Early in the project, Haiku occasionally returned a refusal string instead of a structured JSON verdict. Without strict output validation, those refusals propagated into the wire file and rendered raw text to users. The fix is explicit schema validation before any response is written to cache: if the response does not parse into the expected structure, the entry is flagged as unclear and re-queued for the next run. Never trust model output as valid without parsing it first.

Why does NowServingTO require a Google Places match before showing an entry?

A City of Toronto food-service licence is not proof a restaurant is open or serves walk-in customers. Licences cover ghost kitchens, catering operations, and institutional food services that will never have a public-facing Google Places listing. Requiring a Places match with OPERATIONAL status acts as a final-layer reality check: if Google's index cannot confirm the business exists at that address as a functioning restaurant, neither can NowServingTO. The Places gate is what transforms a raw licence dump into a useful directory.

How does the self-healing re-check system prevent stale data?

Every cached entry stores a verified_at timestamp alongside its verdict.
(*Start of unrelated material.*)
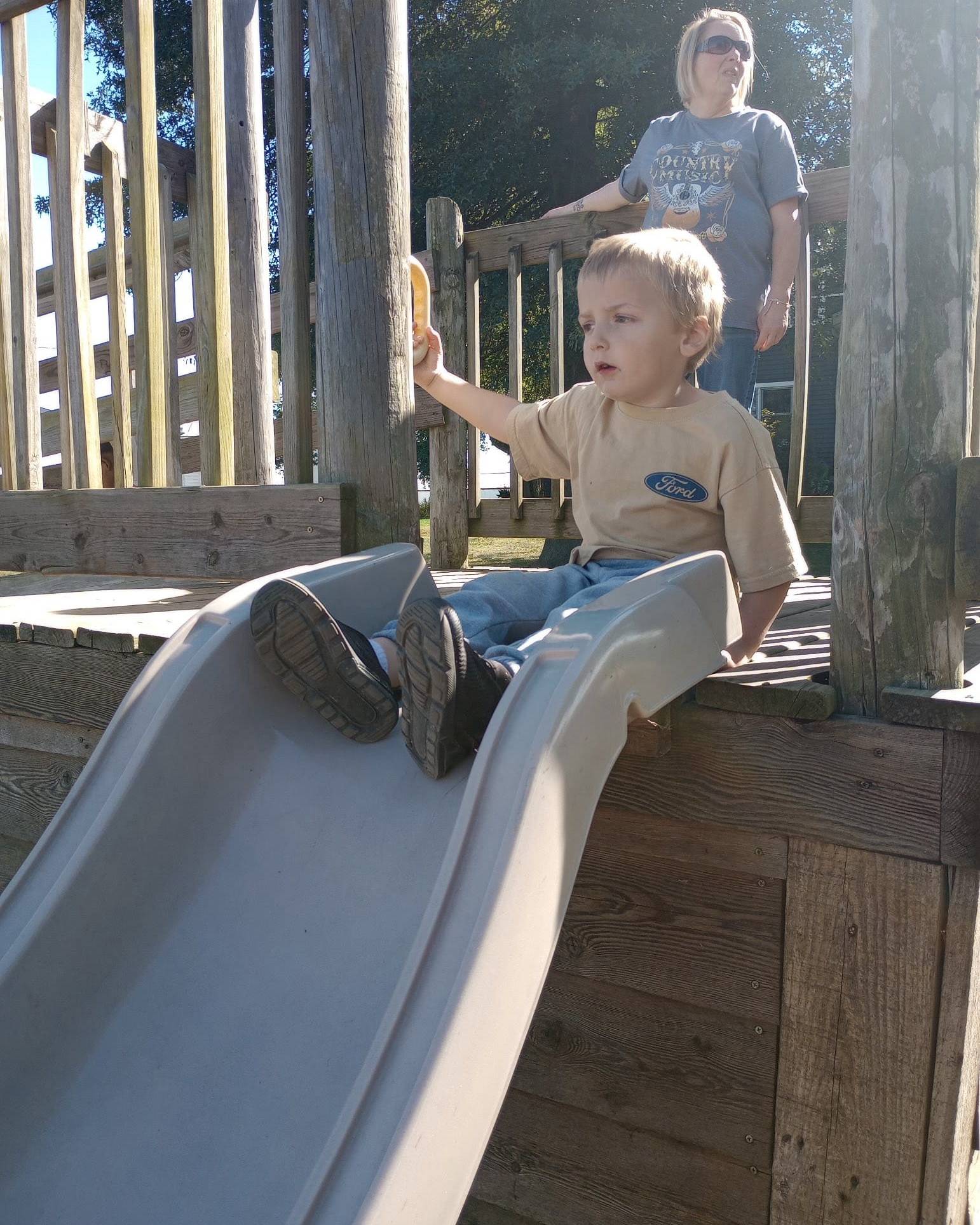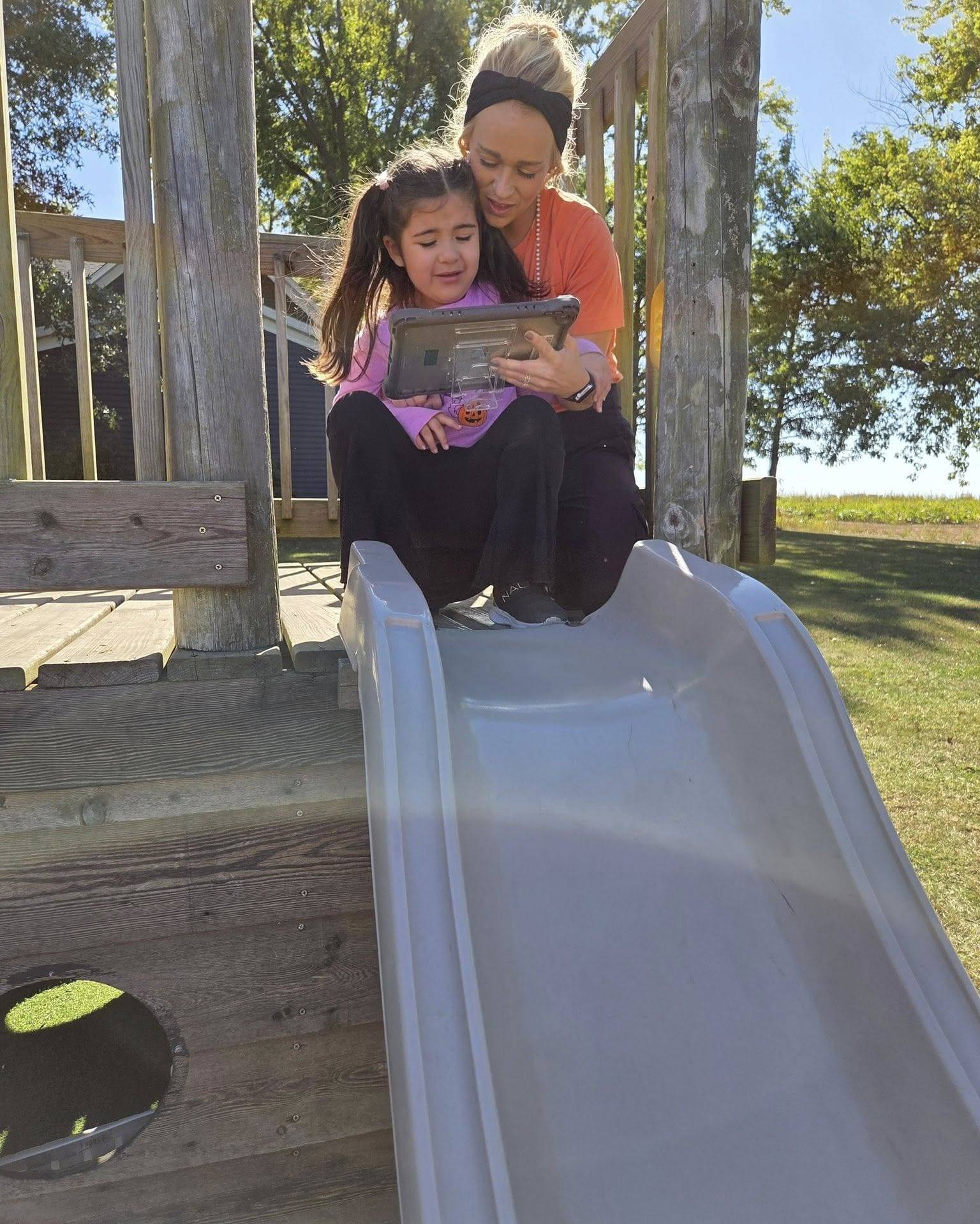We had a lot of fun, but during that fun time we worked on how to be out in the community by waiting our turn, taking turns, and following directions. Miss Chandler (our SLP) worked on the iPad by using the TouchChat app to help the students communicate what they were doing, using words such as “slide, go, down, pumpkin, orange”. Some students even used it asking for their snack.

The nightly cron compares that timestamp against a re-check interval calibrated to how volatile each source type is: unclear verdicts re-check every 7 days, social media links every 30 days, and stable own-website links every 180 days. As new restaurants build a web presence, the system silently upgrades their entries from unclear to confirmed-open without manual intervention. The directory heals itself as the internet catches up to the physical world.